When the last piece of the Islamic State caliphate in Baghuz, Syria, fell three years ago, surviving women and young children were put in detention camps while suspected fighters and boys as young as 10 were sent to prison.

The main detention camp for Islamic State families, Al Hol, is squalid, overcrowded and dangerous, with not enough food or medical services, not enough guards, and an increasingly radicalised segment of detainees who terrorise other camp residents.

When the boys at the camps become teenagers, they are usually transferred to Sinaa prison in Hasaka.

Detainees there, including minors, are packed into overcrowded cells without access to sunlight. There is insufficient food and little medical care, according to prison guards in the impoverished breakaway region of Syria known as Rojava.

When they reach age 18, the youths are placed with the general prison population, where wounded Islamic State fighters sleep three to a bed. None of the non-Syrian detainees have been charged with a crime or gone to trial.

While Rojava authorities run a rehabilitation centre, it has space for only about 150 detainees. When they finish the course, the Syrians are released, but the non-Syrians are returned to prison.

“We help them to construct their prisons, to train their staff, to run as good a prison system as they can, but they are not getting what they need,” said Anne Speckhard, director of the International Center for the Study of Violent Extremism. “Prisoners are lying on top of each other.”

Thousands of Islamic State recruits came from Europe, but most European countries, citing security concerns, have refused to repatriate their citizens, apart from orphans. Some have stripped their nationals detained in Syria of citizenship for joining the Islamic State group.

“As long as it stays over here that’s what everybody wants,” Speckhard said of countries refusing to repatriate their citizens. “‘We don’t want it to come over here.’”
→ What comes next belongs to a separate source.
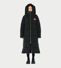 Hop into the cooler months with our signature Rabbit Ears Puffer, now in a longer silhouette. Crafted in a sleek black nylon twill, this staple is given the LOVERBOY twist with the cutest bunny ears dangling from its hood.

Rights activists have compared the prison to the US detention centre in Guantánamo Bay, Cuba, as a place where suspects can be warehoused and forgotten.

The State Department said Monday that the siege highlighted the need for international financial support to improve security at the prison.

“It also underscores the urgent need for countries of origin to repatriate, rehabilitate, reintegrate and prosecute, where appropriate, their nationals detained in northeast Syria,” the State Department’s statement said.